You can check for cases where your queries are returning excessively large payloads by accessing the underlying TSQL for the query by using ToTraceString and executing the store command in SQL Server Management Studio to see the payload size.

In such cases you can try to reduce the number of Include statements in your query to just bring in the data you need. Or you may be able to break your query into a smaller sequence of subqueries

Workaround to get lazy loading of properties

Entity Framework currently doesn’t support lazy loading of scalar or complex properties like large object as BLOB.

Use table splitting to separate the large properties into a separate entity and then load it separately only when needed.

Like photo or signature data only can be loaded if required.

Other considerations

Server Garbage Collection

Whenever EF is used in a multithreaded scenario, or in any application that resembles a server-side system, make sure to enable Server Garbage Collection.

AutoDetectChanges

Object cache and the Object state manager try to stay as synchronized as possible on each operation performed to a context so that the produced data is guaranteed to be correct under a wide array of scenarios.

Entity Framework might show performance issues when the object cache has many entities.

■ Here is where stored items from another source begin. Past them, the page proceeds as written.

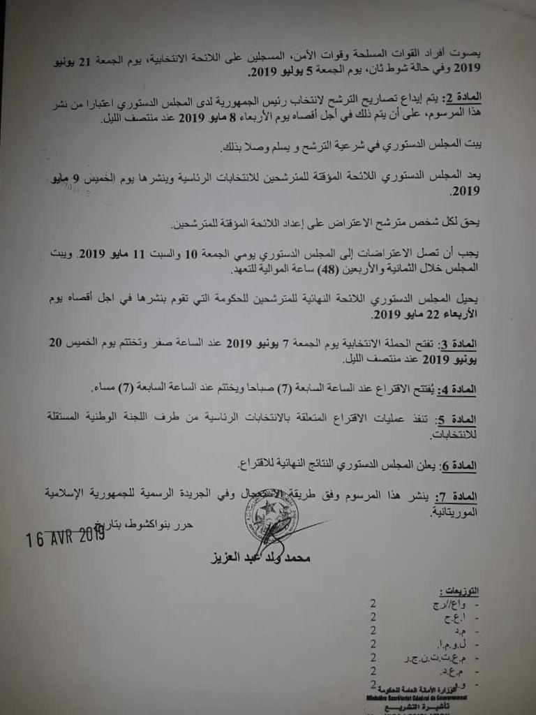 أعلنت الرئاسة الموريتانية اليوم الثلاثاء، بموجب مرسوم صادر عنها موعد الانتخابات الرئاسية وموعد تصويت القوات المسحلة، وكذلك موعد انطلاق الحملة الانتخابية، وموعد صدور اللائحة النهائية للمترشحين للرئاسيات من طرف المجلس الدستوري:
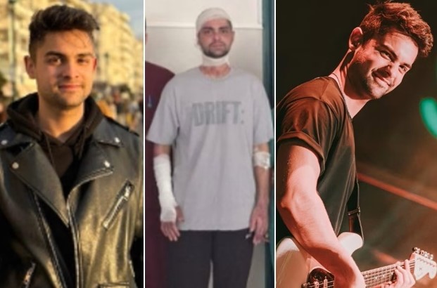 Гитаристот сведочеше дека се здобил со изгореници на дишните патишта, десното уво, десната рака, лицето и грбот. Поради сериозноста на повредите бил лекуван во Солун и сè уште не е во можност да се врати на работа.
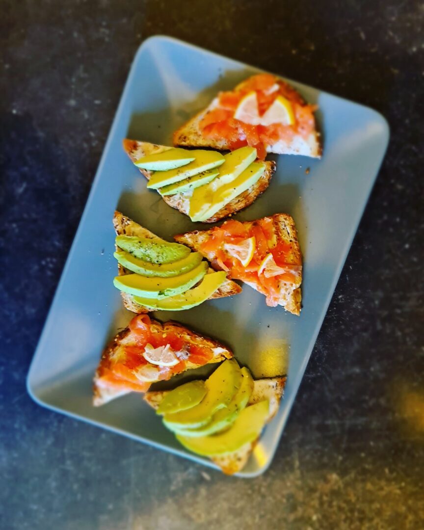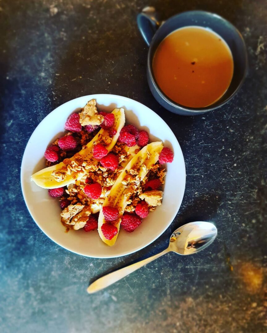 - Mėgstami desertai – ant duonos plonai užteptas riešutų sviestas ir uogos ar vaisiai. Kepu sveikuoliškus pyragus, keksiukus, avižinius sausainius.
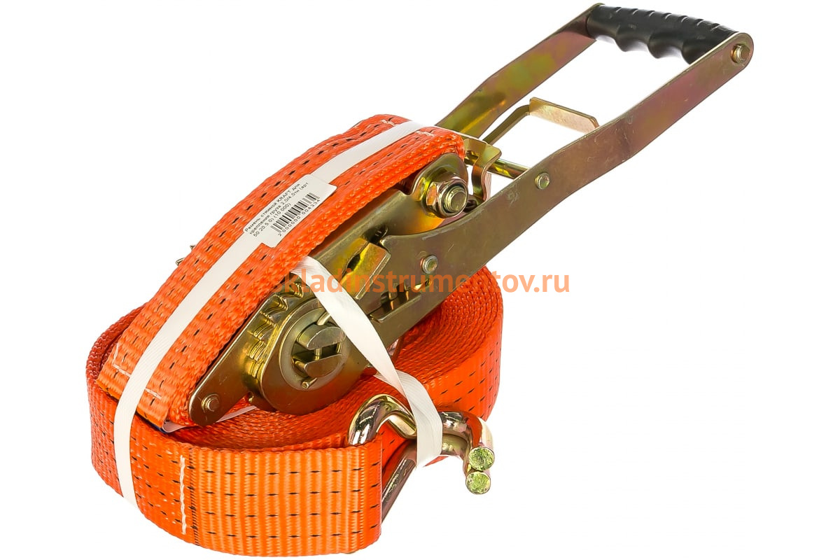 Стяжной ремень для крепления груза 10м, 2,0/4,0 т РОМЕК 50.20.5.0 2000000004334 - простое и надежное оборудование, при помощи которого можно эффективно стянуть груз или закрепить его внутри кузова.
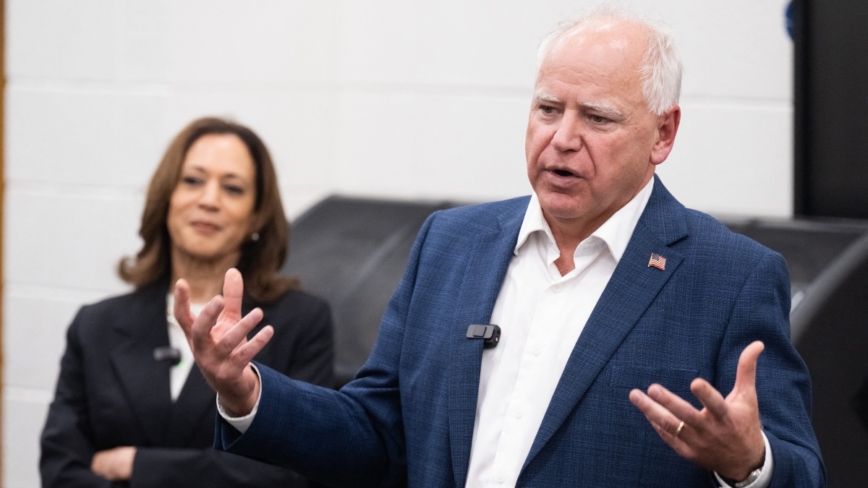 周三,民主党副总统候选人、明尼苏达州州长沃尔兹在波士顿举行的国际消防员协会大会上发表演讲,为竞选造势。
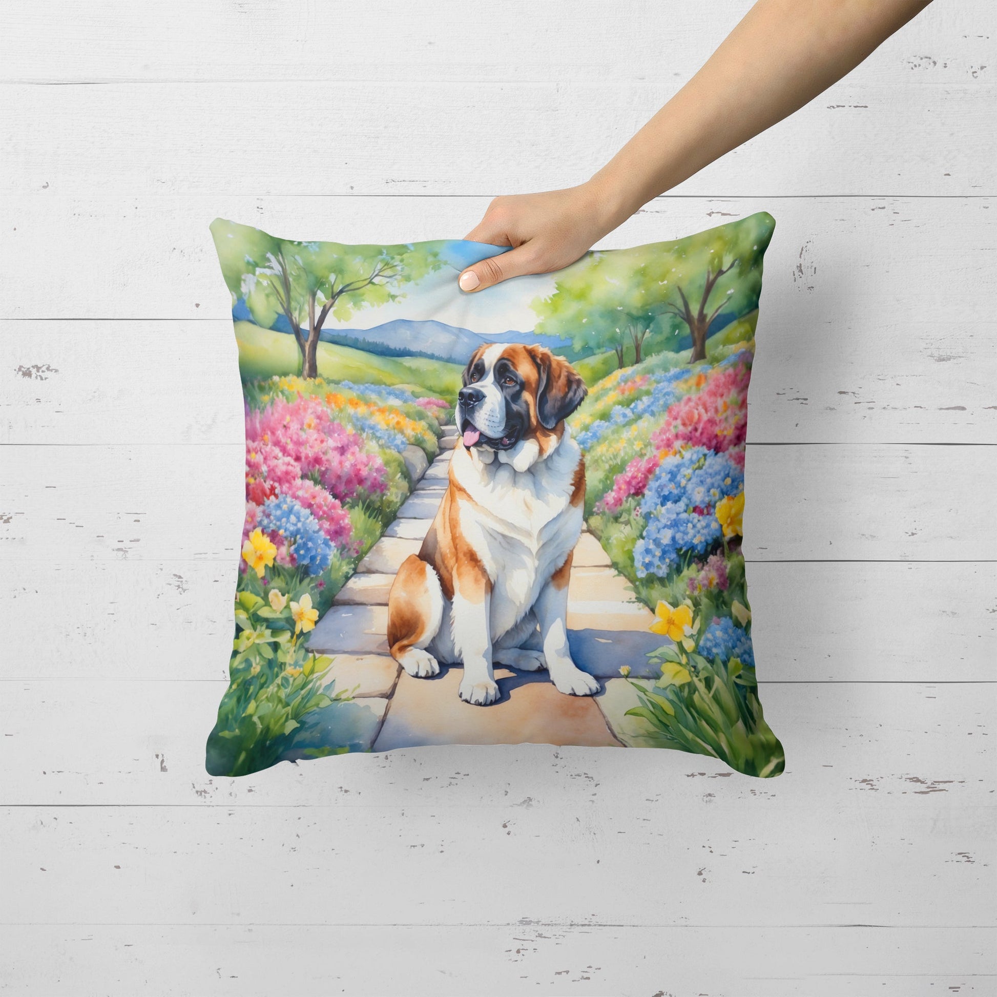 Saint Bernard Spring Path Throw Pillow
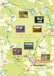 anderen angrenzenden Orte, die den Heidedörfern ähneln, die einst dem Truppenübungsplatz Königsbrück weichen mussten. Dort erwarten Sie Informationsstellen zum Naturschutzgebiet. Gaststätten und Pensionen

Certain operations, such as Add, Remove, Find, Entry and SaveChanges, trigger calls to DetectChanges which might consume a large amount of CPU based on how large the object cache has become.

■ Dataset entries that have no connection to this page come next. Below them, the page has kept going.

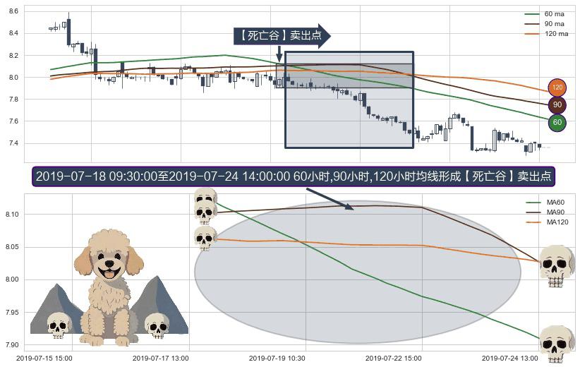 形态多维评估: ⚀ 2019-07-18 10:30:00-小时至2019-07-24 14:00:00-小时显现 60小时-90小时-120小时均线 【死亡谷】卖出点 看空信号,后市看跌,卖出
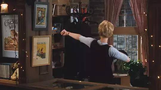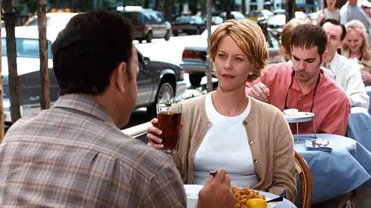 当乔知道自己喜欢的网友就是凯瑟琳的时候,十分吃惊,但还是硬着头皮走到了凯瑟琳的咖啡桌前。
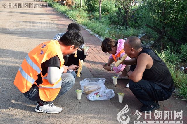 他們運送完第一車垃圾后才吃上早飯。四個人蹲在地上圍成一圈,拿著油條跟豆?jié){,有說有笑地談論著工作瑣事,站在一旁的小編真切地感受到了每個人心里的滿足感以及對待生活的那種充滿自信的態(tài)度。簡單地吃過飯,他們又開始了新一輪的工作。
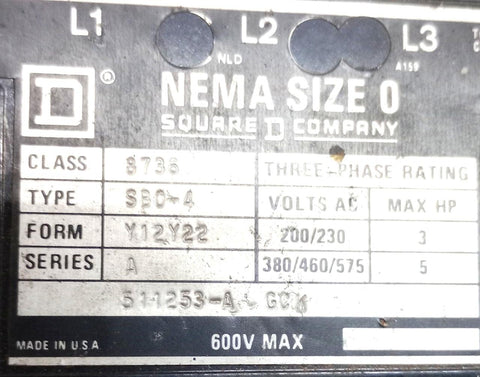 Square D 8736SB04 Series A Reversing Magnetic Starter NEMA Size 0 3-5HP 600V Max
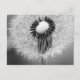 Une photo en gros plan en noir et blanc des graines de Dandelion. Certaines graines ont déjà soufflé, tandis que les graines restantes créent un cercle sur le coussin d'épingle blanche d'une tête de fleur.
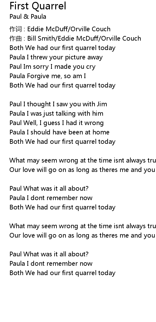 | 歌曲 | First Quarrel |
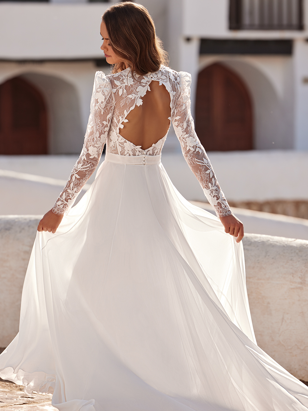 The DANA gown features a mesmerizing bodice adorned with delicate floral embroidered lace and Chantilly lace, exuding regal sophistication. The ethereal combination of tulle and chiffon in the skirt creates a whimsical silhouette that floats with grace and movement. Its lace long sleeves, complemented by its puff shoulder detailing and a high neckline, add a vintage spin on this modern gown.
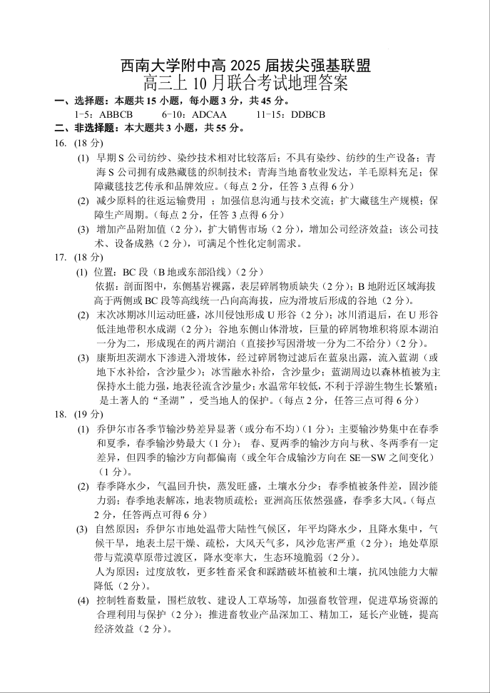 重庆市高2025届拔尖强基联盟高三上10月联合考试地理答案
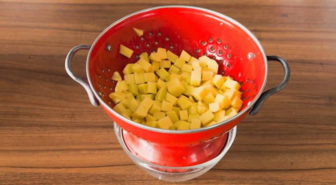 Aardappels schillen, afspoelen, in blokjes snijden. We doen de aardappelen in een vergiet en spoelen om overtollig zetmeel weg te spoelen.
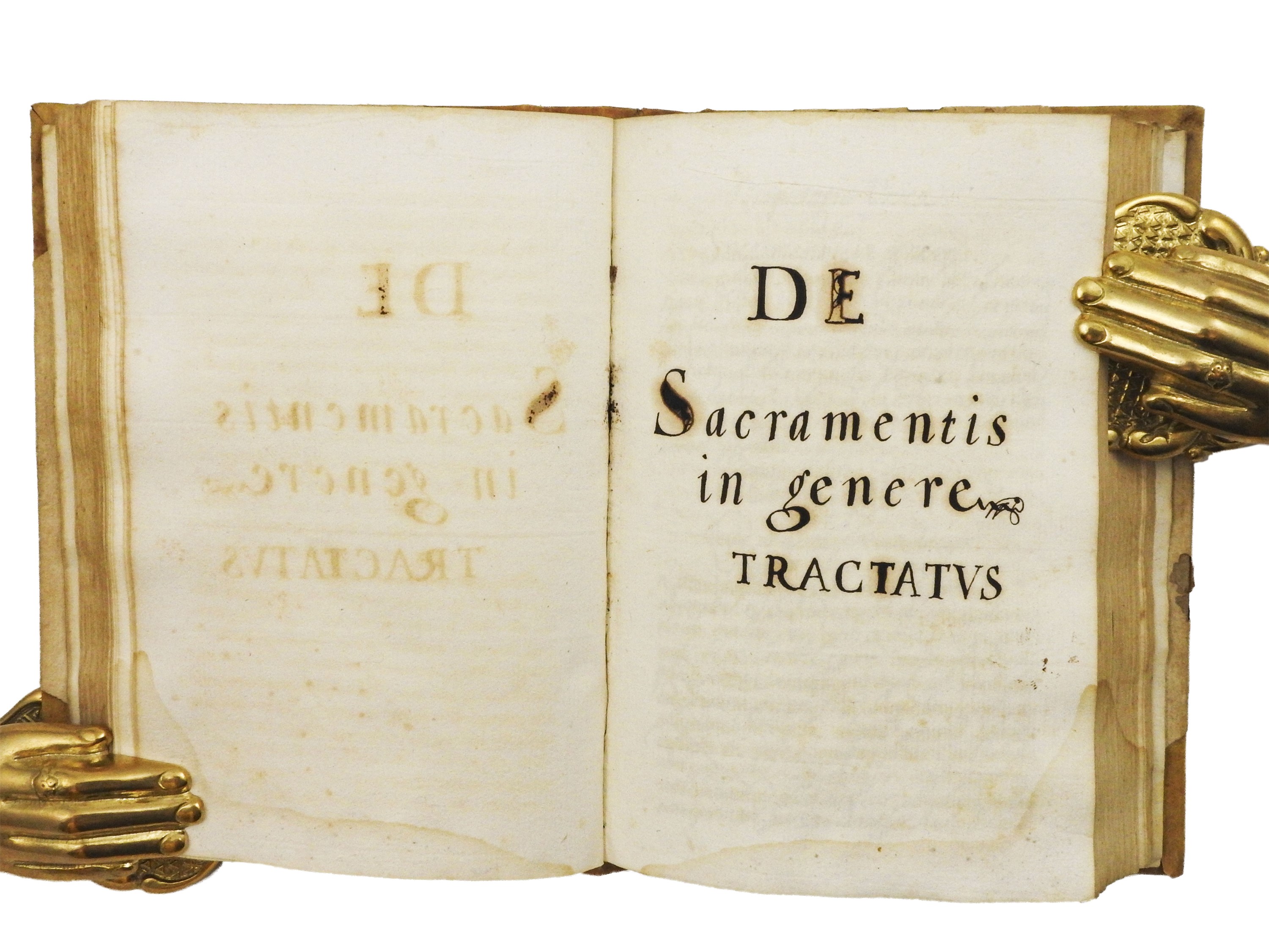 cm 19x13 due testi manoscritti a inchiostro bruno, in latino, 242 c. (alcune bianche). Probabile copia settecentesca di due trattati. In calce le date Die 28 Aprilis 1328 e die 27 Januarij anni 1329, anni corretti con cassatura e abrasione. Legatura in mz. pergamena con titolo manoscritto al piatto, con difetti. Gore d'acqua alle c. finali, piccole macchie
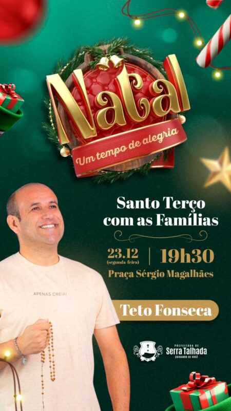 Serra Talhada, PE – Nesta segunda-feira (23), dentro da programação de Natal da cidade, será realizado o Santo Terço com as Famílias, às 19h30, na Praça Sérgio Magalhães.
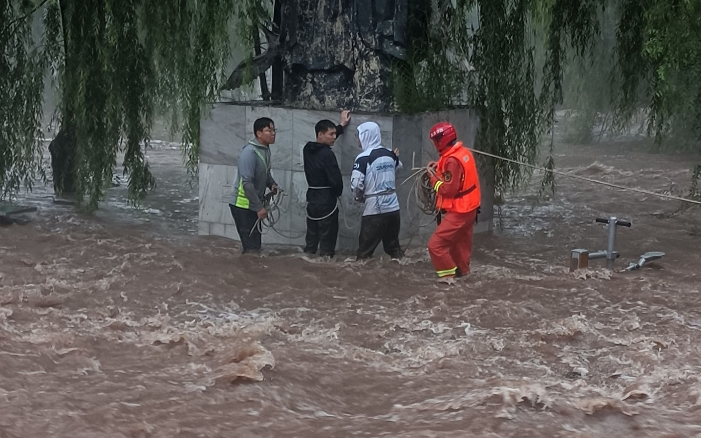 救援人员到场后了解到,3名被困男子均为附近村民,凌晨外出后不慎遇到山洪突发,河水暴涨后水流湍急。3人被困处原本是一个停车场,但洪水将陆地淹没,他们抱着旁边一棵大柳树无法脱身,当时已经体力不支。

Consider temporarily turning off AutoDetectChanges in the sensitive portion of your code

Context per request

Entity Framework’s contexts are meant to be used as short-lived instances in order to provide the most optimal performance experience. Contexts are expected to be short lived and discarded, and as such have been implemented to be very lightweight and reutilize metadata whenever possible. In web scenarios it’s important to keep this in mind and not have a context for more than the duration of a single request.

Database null semantic

Async

Entity Framework 6 introduced support of async operations when running on .NET 4.5 or later. For the most part, applications that have IO related contention will benefit the most from using asynchronous query and save operations.

NGEN

Entity Framework 6 does not come in the default installation of .NET framework. As such, the Entity Framework assemblies are not NGEN’d by default which means that all the Entity Framework code is subject to the same JIT’ing costs as any other MSIL assembly. This might degrade the F5 experience while developing and also the cold startup of your application in the production environments. In order to reduce the CPU and memory costs of JIT’ing it is advisable to NGEN the Entity Framework images as appropriate. For more information on how to improve the startup performance of Entity Framework 6 with NGEN, see Improving Startup Performance with NGen.

Code First versus EDMX

Entity Data Model (EDM) : On left side put conceptual model (the objects) on the right side put storage schema (the database) and in the middle there is a bridge that maps left and right.

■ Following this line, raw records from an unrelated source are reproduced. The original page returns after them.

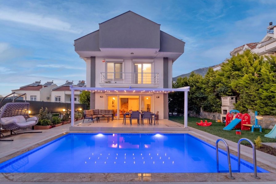 Villa Dilekli is a modern design villa with 3 bedrooms and a capacity of 6 people, located in Fethiye / Ovacik. In our stylish villa, which has an open kitchen, living room designed with modern accessories and materials, everything has been thought for our guests and is in the villa ready to use. It is located only 900 meters from Hisarönü, which is an entertainment center, and 4 km from Ölüdeniz beach, 7 km from Kayaköy and 12 km from Fethiye center. General Features of Villa Modern Design and Concept Private pool and large well-kept garden. 3 Bedrooms and Living Room 3 En-suit Bathrooms Number of people that can stay: 6 people Interior features of our villa; Living Room: There are living room materials suitable for architecture and sitting group, air conditioner, LCD TV, internet, air conditioner, modern accessories and exit to the pool area. Kitchen: Open-plan kitchen area; There are dining tables and chairs,Dishwasher, Oven, Hob, Microwave, Fridge/freezer, Toaster, Kettle,Washing Machine, Radio, and A/C Unit. Terrace: In the terrace section, there is a useful sitting group and materials with enough tables and chairs for 6 people. Shared Bathroom: Upstairs shared bathroom with a shower, toilet, single washbasin. Features of Bedrooms; 1. Bedroom: Master suite bedroom; There is 1 double bed,air conditioning,Lcd Tv,en-suite bathroom,wardrobe. 2. Bedroom: There are 2 single beds,air conditioning,Lcd Tv and wardrobe. 3. Bedroom: There is 1 double bed,en-suite bathroom,air conditioning,Lcd Tv,wardrobe. External Features;g There is a BBQ Area, Sunbeds/Umbrellas,Garden Furniture,Garden swing,Terrace,Private Swimming Pool and Private Car Parking Area. Damage Deposit: A damage deposit of £100 is taken during check-in. During your reservation, any broken, dumped etc. If not, the damage deposit will be returned to you. Note: In all our villas, which are intertwined with nature, spraying is done regularly. However, pests etc. in the environment. is likely to be found.The photos of the villas on our site are taken with a 'Wide Angle Lens' to fit the image to the screen. For this reason, the objects in the pictures may appear larger or smaller than their actual size. Note: Internet usage is limited to e-mails, social media sites, news sites, etc. due to the infrastructure of the region. It is sufficient for the subjects, but not sufficient for the usages such as watching movies and videos. DISTANCES Airport Dalaman Airport, 60 km; It is located within a 50-minute drive. Nearest Beach Oludeniz beach is located 3 km (5 minutes by car or 10 minutes by public transport). Nearest Center Center (Restaurants, Bars, Cafes, Shops, Amusement Park and All Facilities) The center of Hisaronu is 900 m (5 minutes by walk). Nearest Markets Supermarkets are located 600 meters (5 minutes by walk) from the villa. Fethiye Fethiye center is located 12 km (7-8 minutes by car and 10-15 minutes by public transport). Public transport Minibuses (Dolmus) pass in all directions from the main road, which is 100 meters from the villas.
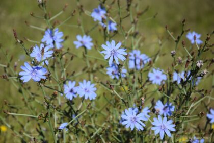 La achicoria tiene propiedades culinarias y medicinales, pero si hay algo que llama la atención de esta plantas son sus flores de color azul intenso, con los pétalos acabados en cinco finas puntas.
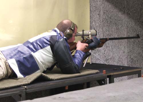 B) 100 meter liggend met Bessie! Knal, en daar gaat de kogel. 'Auw', dat doet pijn. De terugslag van Bessie valt op zich wel mee, ondanks de 110 grain kruit en de 545 grain kogel, maar als u liggend schiet wordt het een ander verhaal. Na de dertien kogels van de serie te hebben verschoten, voelt Hildo's schouder niet meer zo lekker aan. Als Hildo even later in de kantine zit, is de zwelling al duidelijk waarneembaar. Wat precies de goede plek is om de musket tegen de schouder te zetten, weet hij nog niet maar het lijkt erop dat iets verder naar buiten dan gewoonlijk beter is. Leerproces.
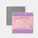 Un bébé adorable gardienne avec un bébé assis vêtu de rose sur un arrière - plan rose pastel avec un groupe de roses. Le nom de l’enfant figure en haut dans les grandes lettres décoratives, et en bas et en bas, il y a aussi la date et l’heure de naissance de l’enfant. Au centre se trouvent les statistiques de naissance, la longueur et le poids. Un souvenir parfait pour la nouvelle petite fille. Tout cela sur un arrière - plan motif de quatrefoil rose violet.

From this EDM, Entity Framework will derive the views to roundtrip data from the objects in memory to the database and back.

EDMX

Code First

  1. the storage schema, and the mapping, then the model loading stage only has to validate that the EDM is correct
  2. then generate the views
  3. then validate the views and have this metadata ready for use
  4. then can a query be executed or new data be saved to the data store.
  1. the Entity Framework has to produce an EDM from the provided code it does so by:
    • analyzing the classes involved in the model.
    • applying conventions and configuring the model via the Fluent API.
  2. After the EDM is built, validating EDM happens.
  3. then generate the views
  4. then validate the views and have this metadata ready for use
  5. then can a query be executed or new data be saved to the data store.

Thus, building the model from Code First adds extra complexity that translates into a slower startup time for the Entity Framework when compared to having an EDMX

When choosing to use EDMX versus Code First, it’s important to know that the flexibility introduced by Code First increases the cost of building the model for the first time. If your application can withstand the cost of this first-time load then typically Code First will be the preferred way to go.